It was an awesome night of getting acquainted and finding out a little bit of people’s stories.  Great fun.  But one of the sweetest surprises of the night was when one of my neighbors whom I’ve been spending quite a bit of time with had a conversation with Abby.  She made the comment, “I just love your mom so much.  I don’t usually like to be around “religious” people, but I love hanging out with her.”  Now, I don’t say that to brag.  Although, I must admit, I’m thrilled that she feels that way about me.
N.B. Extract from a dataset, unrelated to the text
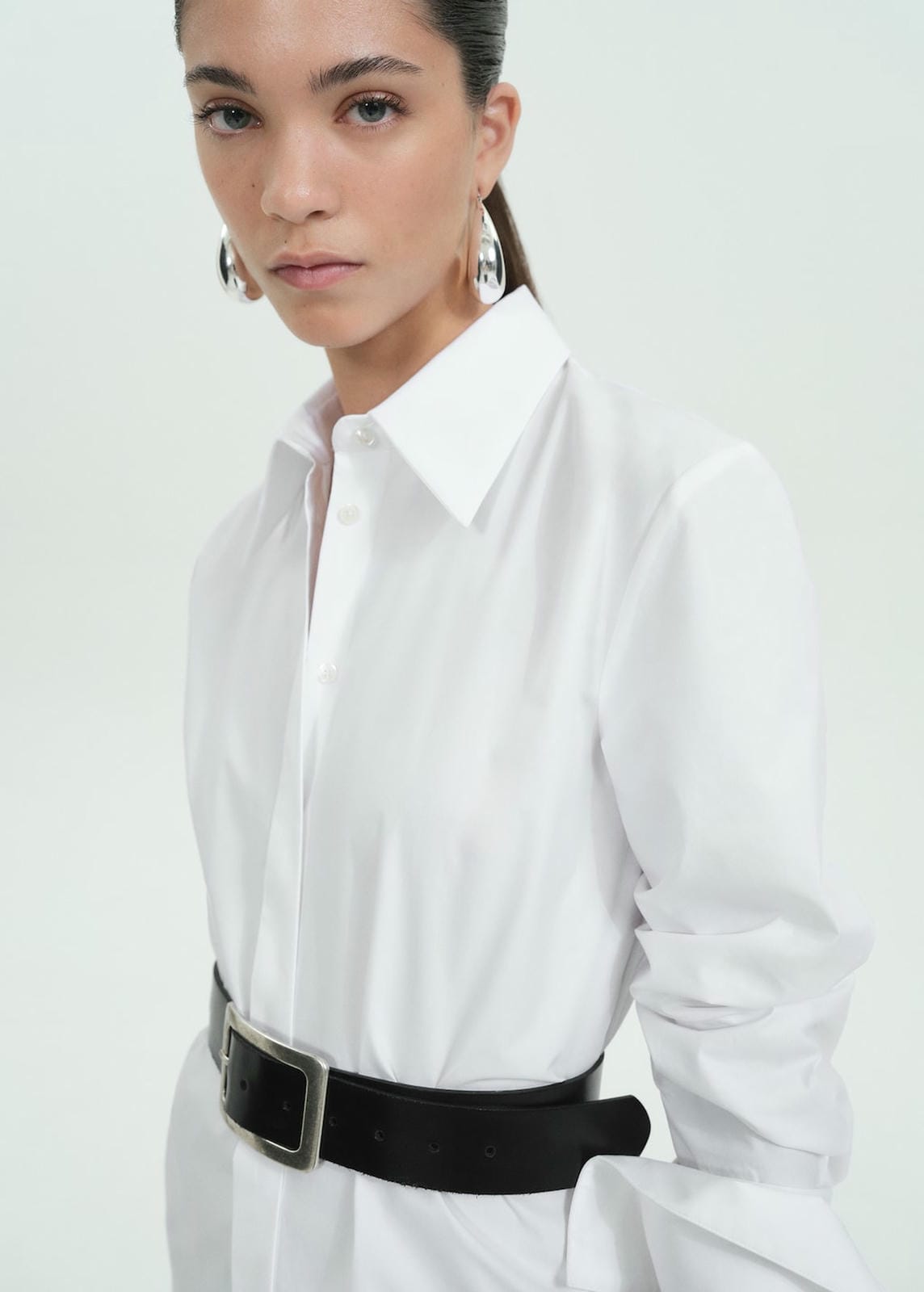 100% cotton fabric. Cotton poplin. Oversize design. Long design. Shirt-style collar. Long sleeve with buttoned cuffs. Concealed button closure on the front. Side slits. The model is 1.77 tall and is wearing a size 36. Party and events collection. Selection Collection. Side length 22.5 cm. Back length 75.0 cmProduct Code: 77099073-02

And I really don’t want to be considered a “religious” person.  But I say it to bring up the truth that people aren’t drawn to others because they are “religious”.  In fact, most often, they are turned off by the “R” word.  They are drawn to love.   People want to be loved.  That’s how God created us.  To love and be loved.

God has gotten a bad rap because of people who flaunt religion and fail at relationship.  A “holier than thou” attitude that only pushes people away.  It’s repulsive.  It’s unwelcoming.  And it completely contradicts how Jesus interacted with people.  Jesus, who was the epitome of holiness and had every right to flaunt His superiority and sinless life, decided instead to love us.  He walked with, lived with, cried with, laughed with, worked with the people He came to save.  He is still doing that.  He offers relationship, not religion.  He offers love, not law.  Real, not rules.  He asks us to do life with Him.  And in spending time with Him, in involving Him in every moment of our days, we start to become more like Him.  Not haughty, arrogant or “better than”, but humble, loving and compassionate.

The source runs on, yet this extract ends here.